Пожалуйте. Вот как выкушают по нескольку чашек вареной, так полковник пожелает проходиться по двору, осмотреть батенькину конюшню, скотный двор и другие заведения. Пошел – и все чиновники за ним; батенька предшествуют, а сурмы сурмят и бубны гремят в честь полковника, но уже с заметным разладом, потому что изобильное угощение было и трубящим – как казакам, конюхам и всем с гостями прибывшим людям.

На конюшне и везде пан полковник осматривая что похвалит, то немедленно выводится прочь и сдается на руки полковничьим людям, нарочно для сего прибывшим. Батенька от удовольствия даже облизываются, что их хозяйство одобряется паном полковником.

Осмотрев все, возвращаются в дом, где маменька между тем угощали женский пол… чем вздумали; и как при этом не присутствовал никто из мужского пола, то, по натуральности, дело было на порядках… И странно: перед ними стоят орехи каленые и мышеловки[21]21
  Мышеловка – здесь: щипцы для раскалывании орехов.


[Закрыть]
, яблоки, повидлы (медовые варенья) разных сортов и всякая такая мебель, а наш женский пол, раскрасневшися препорядочно, щекочат, балагурят, рассказывают одна другой разные разности, и каждая, одна другой не слушая, продолжает свое. Самый приход пана полковника им незаметен, и маменька, бегая от одной к другой, удерживают их от разговоров: «Да замолчите же, пани обозная! Да перестаньте же, пани бунчукова товарищка! Вот пан полковник пришел». И в силу, в силу их ускромят.

Понявши, что пан полковник здесь, они утихнут и, как должно, вставши со своих мест, начнут манериться: и улыбаются к нему, платочками утираются и, хотя не к чему, на все кланяются, пока его ясновельможность не соизволит сесть и, почти приказом, не усадит их.
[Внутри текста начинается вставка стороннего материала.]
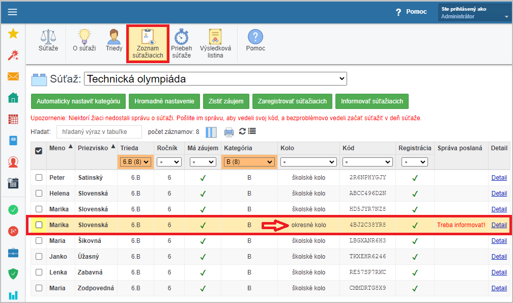Po úspešnom zaregistrovaní sa žiakovi automaticky vytvoril nový záznam pre vyššie kolo súťaže, vidíte ho v časti Zoznam súťažiacich: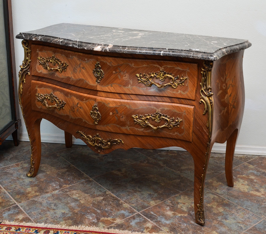 Bombe style front, variegated grey marble top, floral motif marquetry inlaid sides and 2 front drawers. Gilt metal ormolu and pulls, shaped legs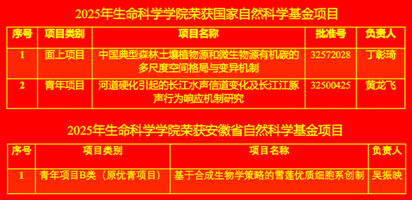 近日,国家自然科学基金委员会和安徽省科技厅陆续公布了2025年度国家基金和省基金立项结果。suncitygroup太阳新城斩获3项重要基金项目。其中,国家基金面上和青年项目各1项,省基金青年项目B类(原优青项目)1项。省基金优青项目实现了公司科研工作的重大突破。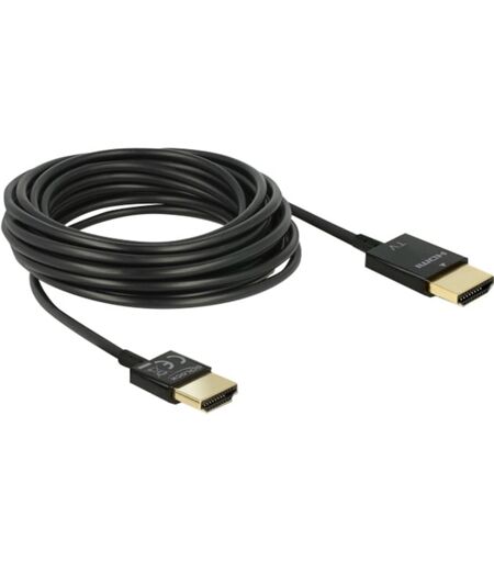 High Quality High Speed HDMI med Ethernet-kabel 84774 fra Delock er kendetegnet ved sin lille diameter og korte stik. Det tredobbelte skærmede kabel kombinerer hurtig dataoverførsel samt audio/video- og Ethernet-forbindelse i ét. Ved at understøtte en maksimal båndbredde på 18 Gb/s kan indhold afspilles i 4K-opløsning (maksimal billedhastighed 60 Hz), 3D-indhold i 4K-opløsning (maksimal billedhastighed 30 Hz) og indhold i 21:9 biografformat. Kablet gør det også muligt at transmittere to videokanaler samtidigt for at vise videostreams for to brugere på en skærm, samt samtidig transmission af op til fire lydkanaler. Kvaliteten af lydtransmissioner forbedres betydeligt af samplingshastigheden på op til 1.536 kHz. ...

Все лакомство со стола снято, и поданы блюда «подвечерковать». Ветчина, солонина, буженина, полотки, соленые перепелки и другие жареные птицы украшают стол. После нескольких рюмок водки принимаются гости «подвечерковать» и очищают все при беспрестанном потчевании разными сортами пива и меду.

Между тем в продолжение этого времени панночки, наигравшися в короли, не имея чем заняться, «скуки ради» идут к реке, за садом протекающей, и там купаются. А панычи «для забавки» идут «в проходку» в кустарники, за рекой против самого купанья находящиеся, и там любуются рассматриванием натуры или природы. Теперь, как уже старики, известно, после подвечеркованья должны уехать, то вот вся молодежь, освежившись купаньем и налюбовавшись натурою и природою, приходит к общему собранию и снова не глядит друг на друга, потому что неблагопристойно при почтенных особах показывать, что они знакомы между собой.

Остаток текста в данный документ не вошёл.